Паха Сапа улыбнулся, подхлестнув мулов вожжами.

Новая узкая грунтовая дорога шла через великолепные Столбы (которые более чем через двадцать пять лет вдохновят историка и поэта Доана Робинсона на поиски скульптора), потом в растянувшиеся между высокими гранитными пиками долины поуже, заросшие цветами, осинами, березами. К вечеру Паха Сапа вспомнил про хорошее место для стоянки у ручья и направил телегу в высокую траву. Они отъехали от дороги с полмили и остановились в осиновой роще; молодые зеленые листочки уже трепетали на легком майском ветерке.

Обеды, что готовила Рейн во время их путешествия, были великолепны, лучше любого блюда, какое ел Паха Сапа у костра со своих детских лет. И стоянки их были удобны благодаря койкам Седьмого кавалерийского, складным стульям и столику.

Солнце село, долгие майские сумерки не торопились уходить, над высоким пиком с востока поднялся молодой месяц. Рейн поставила на стол металлическую кружку с кофе.

— Что я слышу — музыка?

Это была музыка. Паха Сапа засунул походный нож за ремень, взял Рейн за руку и повел через осиновые заросли и лунные тени вверх к небольшой седловине, потом вниз по сосновому леску с другой стороны. Выйдя из широкохвойных сосен и снова оказавшись среди осин, они остановились. Рейн прижала ладони к щекам.

— Боже мой!

Внизу они увидели красивое озеро — большое для Черных холмов, — которого не было там прежде. Паха слышал об этом озере от других работников ранчо, но не знал, где оно находится.

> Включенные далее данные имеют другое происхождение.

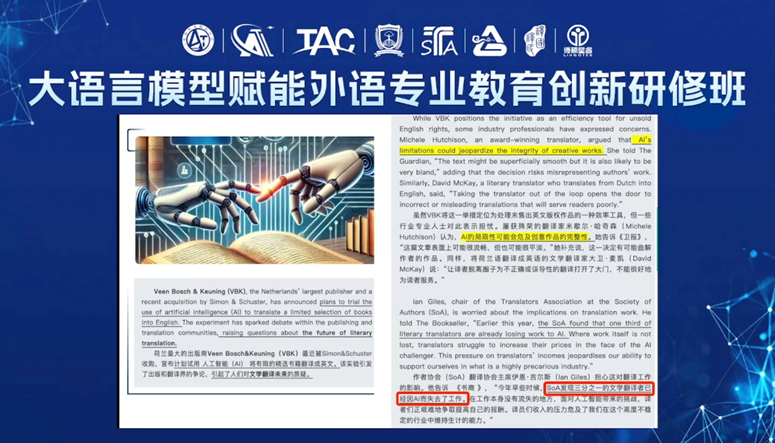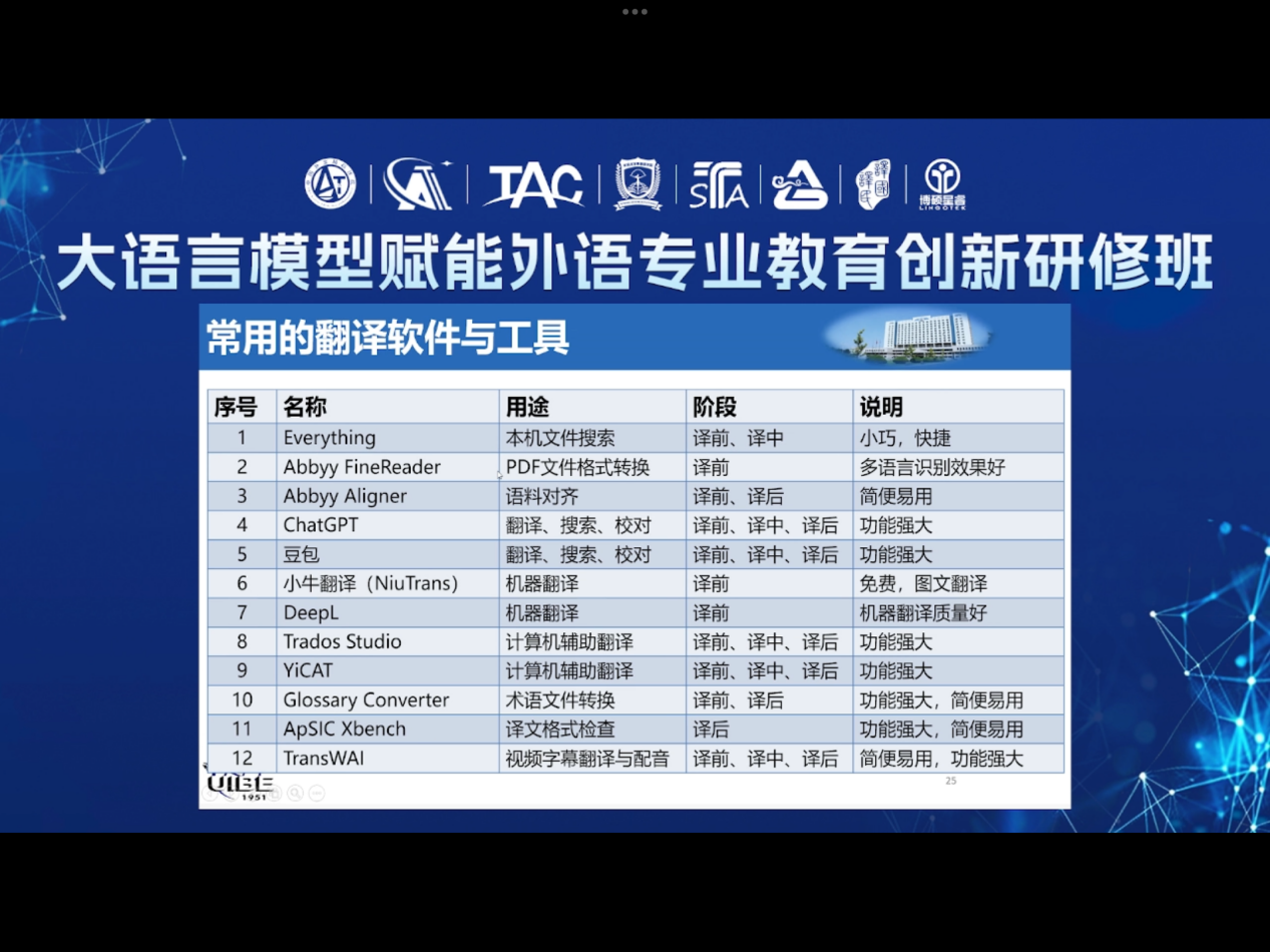 组织39位教师代表参加了“2025年暑假大语言模型赋能外语专业教育创新研修班”(线上)学习交流。研修班由中国外文局翻译院智能翻译实验室、中国翻译协会翻译技术专业委员会、长安大学外国语学院以及国内多家知名语言服务企业共同举办。研修内容聚焦“技术赋能、人文守正”主题,聚焦大语言模型赋能外语专业教育发展、翻译实践、教学设计、科研实践等专题模块,共话大模型时代政产学研协同创新翻译教育新图景,通过专家理论精讲、行业场景实训、高校案例分享以及圆桌沙龙讨论等多元形式,着力提升外语教师AI技术应用能力与数字人文素养。

В 1891 году дамбой перегородили речушку в западной оконечности долины, где вертикальные камни стояли плечо к плечу, и назвали новый водоем озером Кастера. (Много лет спустя оно будет переименовано в Сильвиан-Лейк.) За три года до этого, в 1895 году, рядом с водой, вблизи невидимой дамбы и неподалеку от высоких камней на дальней западной оконечности озера построили отель.

Паха Сапа обнял Рейн за плечи.

В широком, из камня и дерева дворике у самой воды играл оркестр. Дорожка вокруг озера в некоторых местах была устлана великолепным белым гранитом, который теперь сиял в свете луны и звезд. На крыльце отеля, во дворике и на деревьях у озера светились бессчетные китайские фонарики. Под быструю музыку оркестра танцевали пары в вечерних одеждах. Другие прогуливались по широкой поляне, по белой сияющей дорожке или по пристани, на которой горели фонарики и от которой отплывали каноэ, лодки и другие маленькие суденышки (у многих с кормы свисали белые фонарики) с парами — за веслами мужчина, на сиденье женщина с бокалом вина.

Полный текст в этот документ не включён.